To be clear this is not real time. The emulation is currently running at about 5fps on my machine. By way of comparison, the ARM in the Harmony is emulated at well over a 100fps.

Why is that so? Does emulating the CPU require that many resources? Or is the code just not optimized yet? Or both?

Edited by Thomas Jentzsch
Link to comment
Share on other sites

1 minute ago, Thomas Jentzsch said:

Why is that so? Does emulating the CPU require that many resources? Or is the code just not optimized yet? Or both?

Great question. The main difference is that in Marco's ROMs and Zack's StrongARM ROMs, the ARM is being emulated for the entire screen, and not just just during VBLANK and Overscan like you would typically see in CDFJ ROMs.

 

I don't think there's much more I can do in the way of optimisation. In the case of the StrongARM ROMs though, there are library calls that have been implemented natively and those ROMs run much faster.

 

The performance drop is similar to what would happen if, instead of implementing CDFJ natively, we executed the instructions in the Harmony ROM under emulation and relied on the Harmony implementation. Although the drop wouldn't be as dramatic because there are fewer instructions per colour clock in the case of the Harmony ARM.

 

I'm not too worried about the performance though. I think the real utility for this is ROM development. Faster would be nice but I have a couple of ideas for how to improve the development experience in lieu of that.

Link to comment
Share on other sites

4 minutes ago, JetSetIlly said:

Great question. The main difference is that in Marco's ROMs and Zack's StrongARM ROMs, the ARM is being emulated for the entire screen, and not just just during VBLANK and Overscan like you would typically see in CDFJ ROMs.

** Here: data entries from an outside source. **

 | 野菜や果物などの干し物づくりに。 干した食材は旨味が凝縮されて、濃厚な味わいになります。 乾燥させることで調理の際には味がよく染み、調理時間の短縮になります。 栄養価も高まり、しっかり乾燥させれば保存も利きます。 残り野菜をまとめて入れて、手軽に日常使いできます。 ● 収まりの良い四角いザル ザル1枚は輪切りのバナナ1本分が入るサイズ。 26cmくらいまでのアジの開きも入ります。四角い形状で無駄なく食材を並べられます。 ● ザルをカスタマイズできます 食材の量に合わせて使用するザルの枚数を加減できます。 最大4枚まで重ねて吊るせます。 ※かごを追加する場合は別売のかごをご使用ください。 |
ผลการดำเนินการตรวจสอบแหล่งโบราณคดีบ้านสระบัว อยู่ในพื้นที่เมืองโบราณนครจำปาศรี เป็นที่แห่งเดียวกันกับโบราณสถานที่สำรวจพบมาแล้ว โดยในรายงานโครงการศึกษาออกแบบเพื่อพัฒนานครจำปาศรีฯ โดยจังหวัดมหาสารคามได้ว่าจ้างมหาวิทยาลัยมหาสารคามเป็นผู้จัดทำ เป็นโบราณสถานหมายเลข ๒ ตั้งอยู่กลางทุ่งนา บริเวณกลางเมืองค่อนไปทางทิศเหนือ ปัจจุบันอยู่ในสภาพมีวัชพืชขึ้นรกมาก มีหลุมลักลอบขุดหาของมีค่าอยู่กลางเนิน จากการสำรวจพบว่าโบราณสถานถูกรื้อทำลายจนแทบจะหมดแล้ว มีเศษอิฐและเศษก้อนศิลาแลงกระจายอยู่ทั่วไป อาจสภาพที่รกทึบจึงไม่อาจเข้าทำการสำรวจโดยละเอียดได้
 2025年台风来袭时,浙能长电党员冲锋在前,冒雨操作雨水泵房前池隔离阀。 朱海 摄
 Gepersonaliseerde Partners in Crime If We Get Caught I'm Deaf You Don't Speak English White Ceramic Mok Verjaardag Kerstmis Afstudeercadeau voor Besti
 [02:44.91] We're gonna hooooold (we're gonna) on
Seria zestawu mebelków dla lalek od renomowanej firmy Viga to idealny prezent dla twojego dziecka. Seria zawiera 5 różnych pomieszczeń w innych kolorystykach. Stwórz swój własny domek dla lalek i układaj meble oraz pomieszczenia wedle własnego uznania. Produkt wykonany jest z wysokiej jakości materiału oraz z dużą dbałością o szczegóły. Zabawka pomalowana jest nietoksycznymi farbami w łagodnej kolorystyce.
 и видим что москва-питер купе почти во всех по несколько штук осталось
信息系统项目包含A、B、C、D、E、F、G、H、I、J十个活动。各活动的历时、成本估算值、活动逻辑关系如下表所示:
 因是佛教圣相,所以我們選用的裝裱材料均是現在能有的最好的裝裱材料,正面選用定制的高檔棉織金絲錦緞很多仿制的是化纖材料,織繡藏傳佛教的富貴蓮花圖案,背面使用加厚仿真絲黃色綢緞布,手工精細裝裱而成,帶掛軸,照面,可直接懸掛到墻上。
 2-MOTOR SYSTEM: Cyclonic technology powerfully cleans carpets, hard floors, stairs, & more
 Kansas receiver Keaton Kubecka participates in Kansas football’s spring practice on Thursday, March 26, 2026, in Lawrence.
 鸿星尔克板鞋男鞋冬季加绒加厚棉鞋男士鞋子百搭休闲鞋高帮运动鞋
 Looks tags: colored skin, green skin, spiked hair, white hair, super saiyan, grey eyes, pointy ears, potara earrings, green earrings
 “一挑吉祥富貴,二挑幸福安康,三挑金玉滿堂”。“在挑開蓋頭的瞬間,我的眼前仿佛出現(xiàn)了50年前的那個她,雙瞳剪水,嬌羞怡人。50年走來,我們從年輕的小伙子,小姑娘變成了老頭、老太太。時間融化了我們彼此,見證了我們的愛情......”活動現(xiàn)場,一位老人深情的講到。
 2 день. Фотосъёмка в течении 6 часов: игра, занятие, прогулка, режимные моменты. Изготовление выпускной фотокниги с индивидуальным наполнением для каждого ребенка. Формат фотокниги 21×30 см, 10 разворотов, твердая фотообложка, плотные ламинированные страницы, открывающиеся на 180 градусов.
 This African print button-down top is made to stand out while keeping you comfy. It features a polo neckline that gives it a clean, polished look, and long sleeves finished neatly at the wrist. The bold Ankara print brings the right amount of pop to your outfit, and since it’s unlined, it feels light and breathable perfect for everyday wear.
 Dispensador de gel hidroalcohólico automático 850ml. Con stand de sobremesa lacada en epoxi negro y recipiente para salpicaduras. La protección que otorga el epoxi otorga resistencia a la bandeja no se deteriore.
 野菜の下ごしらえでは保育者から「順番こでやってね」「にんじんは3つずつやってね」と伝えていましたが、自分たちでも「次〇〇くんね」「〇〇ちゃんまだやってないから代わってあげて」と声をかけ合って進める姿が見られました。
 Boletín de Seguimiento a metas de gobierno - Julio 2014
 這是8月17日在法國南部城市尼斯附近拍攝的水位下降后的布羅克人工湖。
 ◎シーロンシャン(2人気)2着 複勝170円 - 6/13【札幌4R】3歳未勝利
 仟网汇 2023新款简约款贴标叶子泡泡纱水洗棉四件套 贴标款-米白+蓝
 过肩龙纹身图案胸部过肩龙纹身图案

The ARM is running in parallel with the 6507 kernel code? I haven't seen any CDFJ ROM doing that, yes. But I suppose it should be possible there too.

 

But I wonder why this is even required to that extend. Developers know that having enough CPU power can lead to lazy programming. Quite the opposite of what you would expect from a 2600 game.

4 minutes ago, JetSetIlly said:

The performance drop is similar to what would happen if, instead of implementing CDFJ natively, we executed the instructions in the Harmony ROM under emulation and relied on the Harmony implementation. Although the drop wouldn't be as dramatic because there are fewer instructions per colour clock in the case of the Harmony ARM.

Got you.

4 minutes ago, JetSetIlly said:

I'm not too worried about the performance though. I think the real utility for this is ROM development. Faster would be nice but I have a couple of ideas for how to improve the development experience in lieu of that.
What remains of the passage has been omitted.